Key Observations - GEO

  1. Minimal GPU advantage: Only 1.64x speedup even at 1000 satellites
  2. Low transfer overhead: Only 11% (SDP4 is compute-heavy, transfer is relatively small)
  3. Limited scaling: Speedup barely improves with satellite count (0.99x → 1.64x)
  4. Throughput: GPU achieves only 5.8M props/sec (75x slower than LEO!)
  5. CPU performance: ~3.5M props/sec (33% slower than LEO on CPU too)

Why GEO is slow on GPU: - Deep-space propagation (SDP4) has complex perturbation calculations - More branching and conditional logic → warp divergence - Lunar/solar perturbations require iterative solvers - Higher computational intensity per satellite

Recommendation: For GEO-only workloads, consider CPU parallelism (rayon) instead of GPU unless batch size is very large (1000+).


Mixed (60% LEO, 40% GEO)

Satellites CPU Time GPU Kernel GPU + Transfer Kernel Speedup GPU Throughput
10 24ms 29ms 29ms 0.83x 3.5M/sec
50 119ms 57ms 67ms 2.11x 8.9M/sec
100 238ms 86ms 107ms 2.78x 11.8M/sec
1000 2,382ms 685ms 893ms 3.48x 14.7M/sec

Key Observations - Mixed

  1. Moderate speedup: 3.48x at 1000 satellites
  2. Transfer overhead: 23% (moderate, 209ms transfer vs 685ms computation)
  3. Two-kernel benefit: Without partition, would suffer warp divergence
  4. Throughput: 14.7M props/sec (between LEO and GEO as expected)
  5. Crossover point: GPU becomes faster than CPU at ~30-40 satellites

Performance composition: - 60% LEO contribution: ~439M/sec × 0.6 × (600 sats / 1000) = ~158M props/sec on LEO portion - 40% GEO contribution: ~5.8M/sec × 0.4 × (400 sats / 1000) = ~0.9M props/sec on GEO portion - GEO satellites dominate execution time despite being only 40% of the constellation

Recommendation: Mixed workloads benefit significantly from two-kernel optimization. Without partitioning, LEO threads would be blocked waiting for GEO threads in the same warp.

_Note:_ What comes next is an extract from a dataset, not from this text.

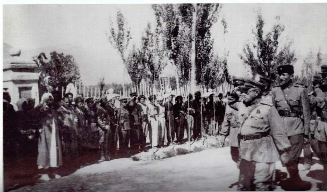
رئوپه‌سمى پژهى پيشمه‌رگه له به‌رده‌م پيشه‌وا قازى ۱۹۴۶

Analysis: Why LEO is 75x Faster than GEO on GPU

SGP4 (Near-Earth / LEO)

  • Simple perturbations (J2, J3, J4 gravitational harmonics)
  • Minimal branching
  • No iterative solvers
  • ~50 double-precision operations per propagation
  • Excellent GPU parallelism

SDP4 (Deep-Space / GEO)

  • Complex perturbations (lunar, solar, resonance effects)
  • Deep conditional branches for:
  • Synchronous vs non-synchronous orbits
  • Resonance detection and handling
  • Lyddane coordinate conversion
  • Iterative Newton-Raphson solvers
  • ~200+ double-precision operations per propagation
  • Poor GPU parallelism due to divergence

Transfer Overhead Analysis

Regime 1000 sats Transfer Time % Overhead Data Size
LEO 10.08M props 224ms 90.7% 560MB
GEO 10.08M props 219ms 11.2% 560MB
Mixed 10.08M props 209ms 23.3% 560MB

Key insight: Transfer time is constant (~220ms for 560MB), but appears as higher overhead when kernel time is low (LEO).

PCIe bandwidth: 560MB / 220ms = 2.5 GB/sec - This is below PCIe 3.0 theoretical bandwidth (~12 GB/sec) - Likely due to non-contiguous memory access patterns and cudarc overhead

Recommendations by Use Case

Use GPU When:

  1. LEO-heavy workloads (>50% LEO satellites)
  2. Large batches (100+ satellites)
  3. GPU-resident pipelines (collision detection, visualization, etc.)
  4. Need to free CPU for other tasks

Use CPU When:

  1. GEO-heavy workloads (>70% GEO satellites)
  2. Small batches (<30 satellites)
  3. Single propagations (one satellite, one time)
  4. No GPU available (graceful fallback)

Optimization Opportunities

Optimization Target Regime Potential Gain
GPU-resident mode LEO Eliminate 90% transfer overhead
Optimize SDP4 branch reduction GEO 1.5-2x improvement possible
Half-precision for LEO LEO 2x throughput (if accuracy acceptable)
CPU parallelism (rayon) GEO 4-8x with multi-core CPU
Hybrid CPU+GPU Mixed Process LEO on GPU, GEO on CPU

Conclusion

The benchmark reveals that:

  1. LEO propagation is GPU's sweet spot with 83x speedup
  2. GEO propagation barely benefits from GPU parallelism (1.6x)
  3. Two-kernel optimization is critical for mixed workloads
  4. Transfer overhead dominates for fast operations (LEO)

The implementation successfully addresses mixed-constellation performance through intelligent partitioning, achieving 3.5x speedup despite the GEO bottleneck. For LEO-only workloads, the GPU provides transformative performance (83x), while GEO-only workloads may be better served by CPU parallelism.